We are in full swing of fundraising for our walk.  I can't believe this will be our 5th walk for JDRF, our 3rd with two Type 1s.  Every little bit we raise goes towards these innovations like the artificial pancreas that will make my children's lives so much better.  I don't know if we'll ever see a "biological cure" but strides are happening that give me hope.  And hope is really all we have.


I don't cry as often about my boys and their disease anymore but this past week got the better of me.  Everyday is such a fight and some days it is all out war.  And sometimes we feel so alone with it.  It's hard on my relationship with my husband.  It's hard on my relationships outside of our immediate family.  And it takes a toll on all of us.  The days and nights blend together because this disease doesn't rest.  We're exhausted.  Our brains are foggy.  It is so challenging to keep functioning, to keep putting one foot in front of the other, but we do.  We have to.  I look at my boys and I see bravery, courage, determination.  They are my heroes.  There is no flinching with finger sticks.  No grimacing with injections.  And don't think for a minute these things don't hurt or you get used to it, well maybe you do somewhat.  You definitely build up scar tissue on the fingers.  Anyway, I always ask afterwards and they always give me a number on the pain scale, sometimes lower but many times 5 or above.  This disease isn't for the weak.

Friday, April 15, 2016

How long do You have to Wait

Our life always seems a bit crazy.  We have had so much going on this year that it has been challenging to stay positive and on top of things.
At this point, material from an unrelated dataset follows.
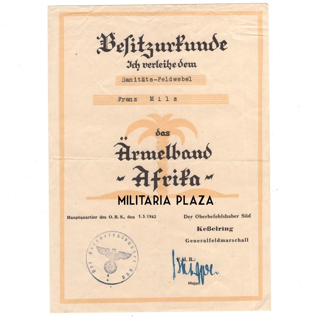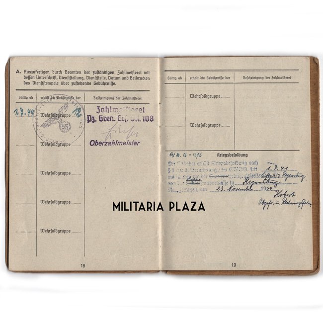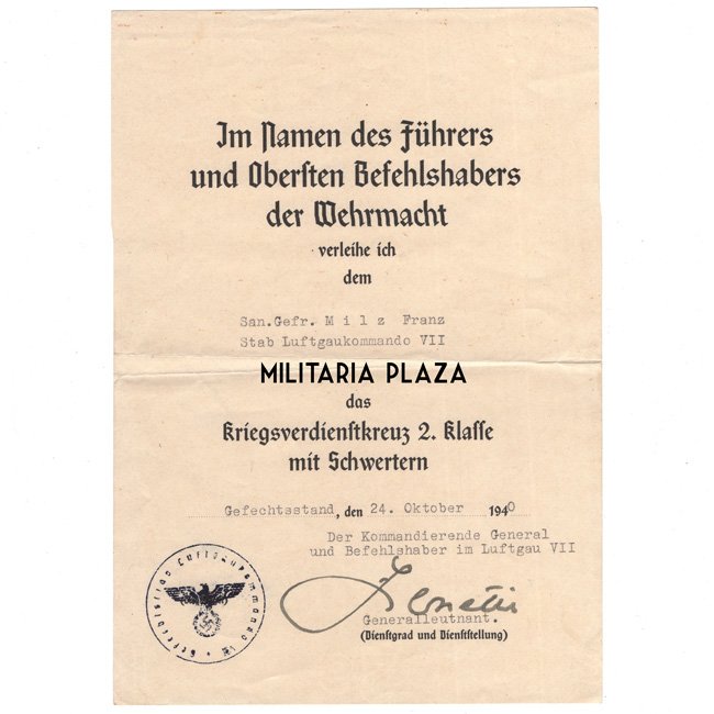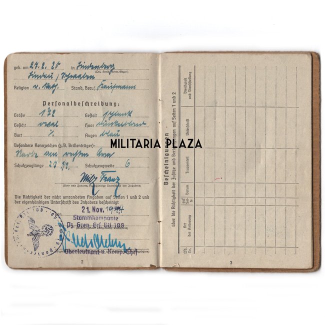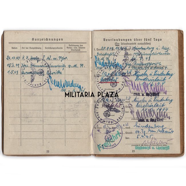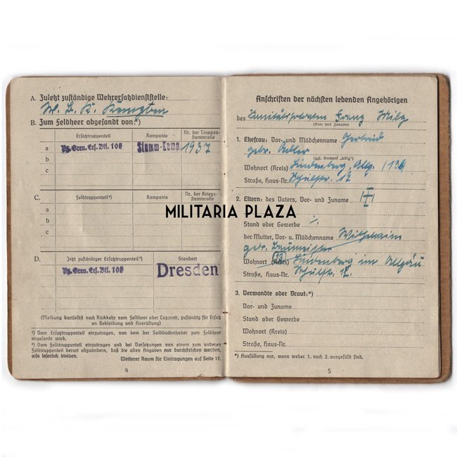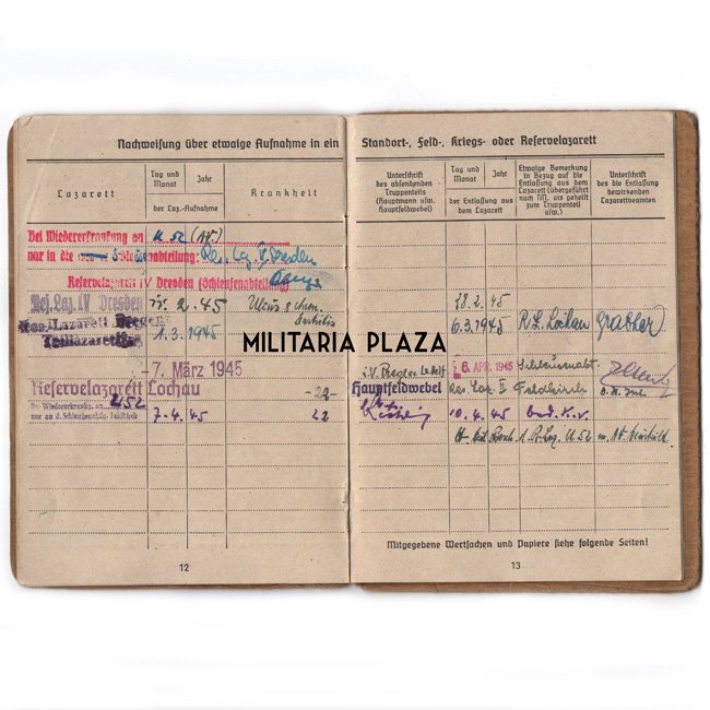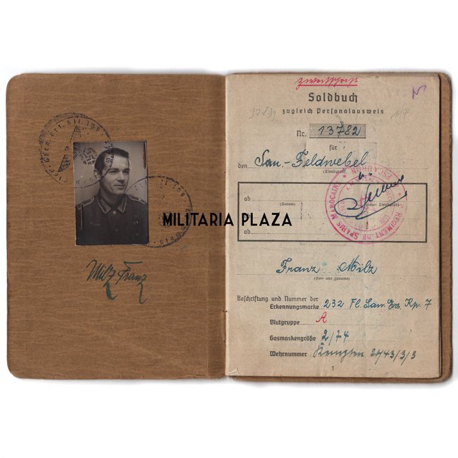 WH (Heer) document grouping belonging to SanitΓ€ts Feldwebel 'Franz Milz'. The grouping is consisting of 2 of his award documents (Urkunden) and his Soldbuch.

Besides the things I have written about, I had my own health "scare".  In January I found what I thought was a breast lump.  My family doctor referred me to a surgeon but it took until the middle of March before I could see him.  He sent me for a diagnostic mammogram and ultrasound.  It turned out the "lump" I felt was really nothing but there was a non-palpable mass elsewhere that required a biopsy.  I had my biopsy last Friday and am happy to report the mass is benign, but that waiting.....that interim between appointments and information....that was brutal.  My Mom's boyfriend of 12 years is going through colorectal cancer right now and after his surgery has found out it is worse than previously thought.  And there is so much waiting and thinking and space that it is more than challenging.

Drago started the pump this past month and that has been a whole new learning curve but is going well.  Yesterday both the boys had their lab draws and three month endo appointment.  Sugar Bear's TSH is elevated again and he has thyroid antibodies and we are once again waiting until the next appointment to do more labs.  It is just a matter of time at this point before he'll need to go on medicine for another autoimmune disease.  Good news is their HA1c's were fine and BMI's were even better.




I've gotten more involved with the research end of JDRF and even had a very bit appearance on a local TV show.  I'm constantly learning to fill up that waiting space for the cure.

There is a lot of hurry up and wait.  It's all a test of patience from a blood glucose checks that show a low and you treat and then wait, to the highs you treat and wait.  When you wait long enough you see change.  I believe the diabetes world has waited so long and is on the verge of seeing great changes.  It lets me hope while we wait.